Exercise aim: Word for word, copy the line that contains "Lacoste classic logo" and each line after it in the data below. Pictures stay out of the copy.

BEGIN Provided data

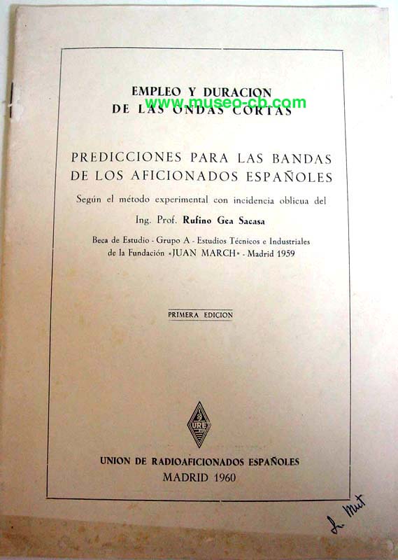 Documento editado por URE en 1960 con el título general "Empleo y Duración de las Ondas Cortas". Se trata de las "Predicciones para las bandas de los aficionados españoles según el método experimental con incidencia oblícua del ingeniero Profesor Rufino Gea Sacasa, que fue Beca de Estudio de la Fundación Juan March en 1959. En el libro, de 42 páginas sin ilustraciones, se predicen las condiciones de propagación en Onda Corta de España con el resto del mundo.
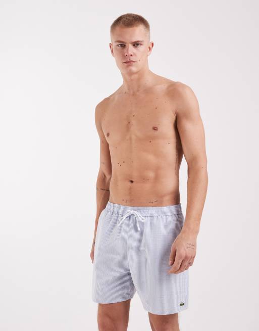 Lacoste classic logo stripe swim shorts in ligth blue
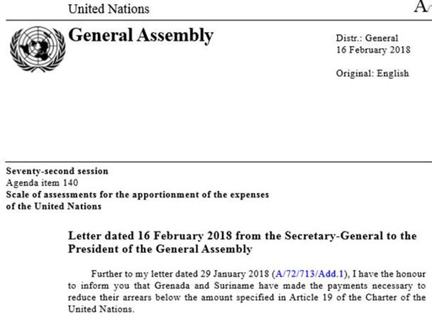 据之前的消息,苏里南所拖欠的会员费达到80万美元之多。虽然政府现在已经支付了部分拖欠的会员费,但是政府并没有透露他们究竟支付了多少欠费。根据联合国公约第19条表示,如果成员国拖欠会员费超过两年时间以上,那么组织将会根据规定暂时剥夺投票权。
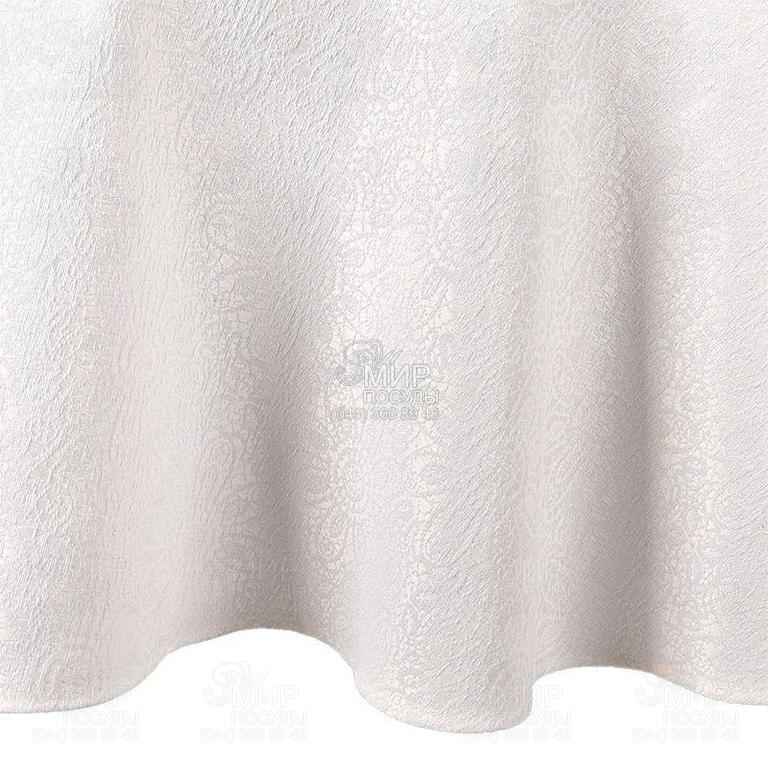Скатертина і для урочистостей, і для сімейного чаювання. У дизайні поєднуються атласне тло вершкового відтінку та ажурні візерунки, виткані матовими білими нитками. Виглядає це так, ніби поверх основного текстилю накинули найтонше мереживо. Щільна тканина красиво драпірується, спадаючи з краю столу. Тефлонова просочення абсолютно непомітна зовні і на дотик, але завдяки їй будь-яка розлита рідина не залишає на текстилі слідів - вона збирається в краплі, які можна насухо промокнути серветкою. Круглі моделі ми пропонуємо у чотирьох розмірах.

END Provided data

Written answer:
 Lacoste classic logo stripe swim shorts in ligth blue
 据之前的消息,苏里南所拖欠的会员费达到80万美元之多。虽然政府现在已经支付了部分拖欠的会员费,但是政府并没有透露他们究竟支付了多少欠费。根据联合国公约第19条表示,如果成员国拖欠会员费超过两年时间以上,那么组织将会根据规定暂时剥夺投票权。
Скатертина і для урочистостей, і для сімейного чаювання. У дизайні поєднуються атласне тло вершкового відтінку та ажурні візерунки, виткані матовими білими нитками. Виглядає це так, ніби поверх основного текстилю накинули найтонше мереживо. Щільна тканина красиво драпірується, спадаючи з краю столу. Тефлонова просочення абсолютно непомітна зовні і на дотик, але завдяки їй будь-яка розлита рідина не залишає на текстилі слідів - вона збирається в краплі, які можна насухо промокнути серветкою. Круглі моделі ми пропонуємо у чотирьох розмірах.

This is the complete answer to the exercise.